76. 24 November 1995 [ES] (Nashe and Greene; Bacon and Amleth/Hamlet; Shakespeare mask)

previously unpublished; © the estate of eric sams and beatrice cazac (Mrs. Mathew’s letters)

Dear Hayat,

Glad you liked the sonnets book. I think Kerrigan has many an insight, even though from an angle which I find more obtuse than acute.

   As to the heart, take care. And take heart too; everyone I know among my contemporaries has what's known as a dicky ticker. They all seem to thrive and flourish on it, trolling such carefree ditties as 'who could have foretold/ that the heart grows old?' For the poet himself, of course, this was a cry of inconsolable anguish; but the rest of us keep pretty cheerful. We have two anginas up the road, and a triple by-pass just out of town, who seem in the best of spirits. The thing is, anything amiss can be treated; and often passes by of its own accord, or indeed sursum corda, as it seems to have done, I was happy to hear, in your own case.

   Latterly I've been recommending your book to the president of the Baconian society, with whom I have some desultory shadow-boxing from time to time. But latterly we've actually found ourselves in the same ring, ducking, bobbing and weaving with a will (though without a Will, in one respect at least). Almost by chance, we find that we actually agree on something, namely that Nashe in 1589 and Greene in 1592 were talking about one and the same playwright, whether Shakespeare, as I suggest, or 'Shake­speare', i.e. Bacon's pen-name, adopted because as the illegitimate son of Queen Elizabeth he needed a cover-story (to put it mildly). My correspondent thinks it rather obvious that it was Bacon who changed the Danish hero's name from Amleth to Hamlet, knowing that this was already the name of Shakespeare's son, which helped with the deception. Nashe and Greene were both in the know, never doubt it. They had however been sworn to secrecy, like Hamlet himself, and being true English gentlemen respected that confidence for the rest of their lives. No doubt that's why Greene said 'Shake-scene', instead of 'Bake-scene', which he might otherwise have been tempted to write. But isn't there, I've ventured to ask, something rather odd about this theory – for example that even before Bacon actually used the sobriquet 'Shakespeare' his cover had already been blown, which would have rendered all such proceedings rather pointless. I'm awaiting a reply, which will no doubt boomerang back at high speed with fatal effect, like the replies to some of my chess club.

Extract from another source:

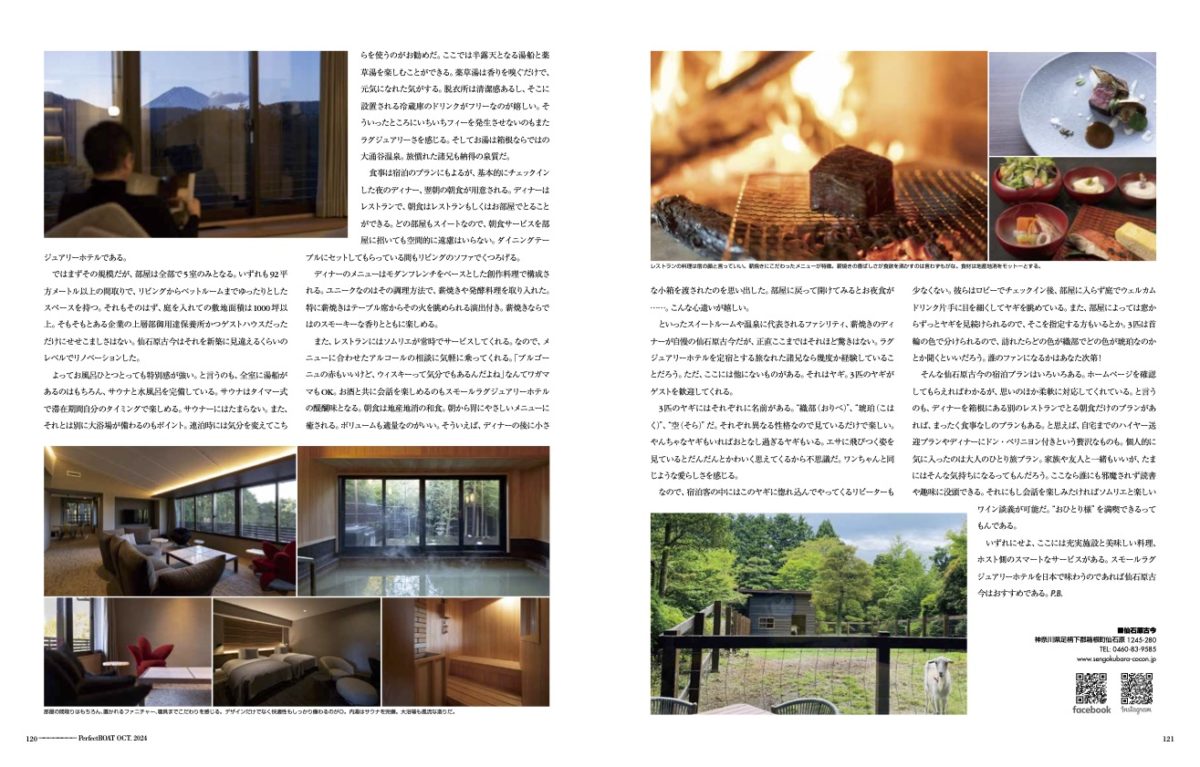 いずれにせよ、ここには充実施設と美味しい料理、ホスト側のスマートなサービスがある。スモールラグジュアリーホテルを日本で味わうのであれば仙石原古今はおすすめである。P.B.

   A propos, Richard has just rung from Tokyo to say that he has come a good third in the chess championship of Japan, which sounds a bit like success in the shogi championship of Great Britain. But I'm told that it's really quite distinguished.

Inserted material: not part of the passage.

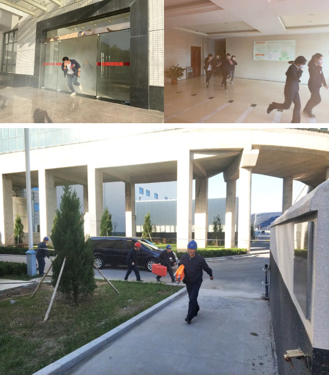 演yan練lian模mo擬ni廠chang區qu某mou處chu發fa生sheng火huo情qing後hou,公gong共gong廣guang播bo係xi統tong發fa出chu消xiao防fang警jing報bao,員yuan工gong聽ting到dao警jing報bao聲sheng,用yong濕shi毛mao巾jin或huo手shou捂wu住zhu口kou鼻bi,俯fu身shen依yi次ci從cong中zhong跑pao出chu,按an照zhao指zhi定ding疏shu散san路lu線xian迅xun速su有you序xu地di撤che離li到dao室shi外wai空kong地di上shang。救jiu援yuan人ren員yuan則ze按an照zhao應ying急ji預yu案an,對dui初chu期qi火huo災zai進jin行xing撲pu救jiu,同tong時shi完wan成cheng警jing戒jie疏shu散san、現場救援等環節,順利完成了演練的各項內容,達到了預期的目的。

   I don't know about the Shakespeare mask, which certainly sounds a very German item. No German composer's skull is safe from exhumation and calibration with calipers in the interests of so-called science. But I don't see why it shouldn't undergo some carbon dating, like the Turin shroud, or those Dead Sea scroll fragments which seem well placed to bore readers into a state of mummification as terminal as their own. I'm sorry to say that I can't help laughing every time I read that the theological authorities offered the Bedouin a price per torn scrap; I bet that affable race obliged with paper-shredding on the grandest scale before Watergate.

   Don't wait for Wait on the sonnets, which appeared in 1972; worthwhile reading though. Wounded Name sounds good, though I must say that Baconians need no encouragement to connect their hero with the Danish one. Brahms beckons me back; greetings from his song-world.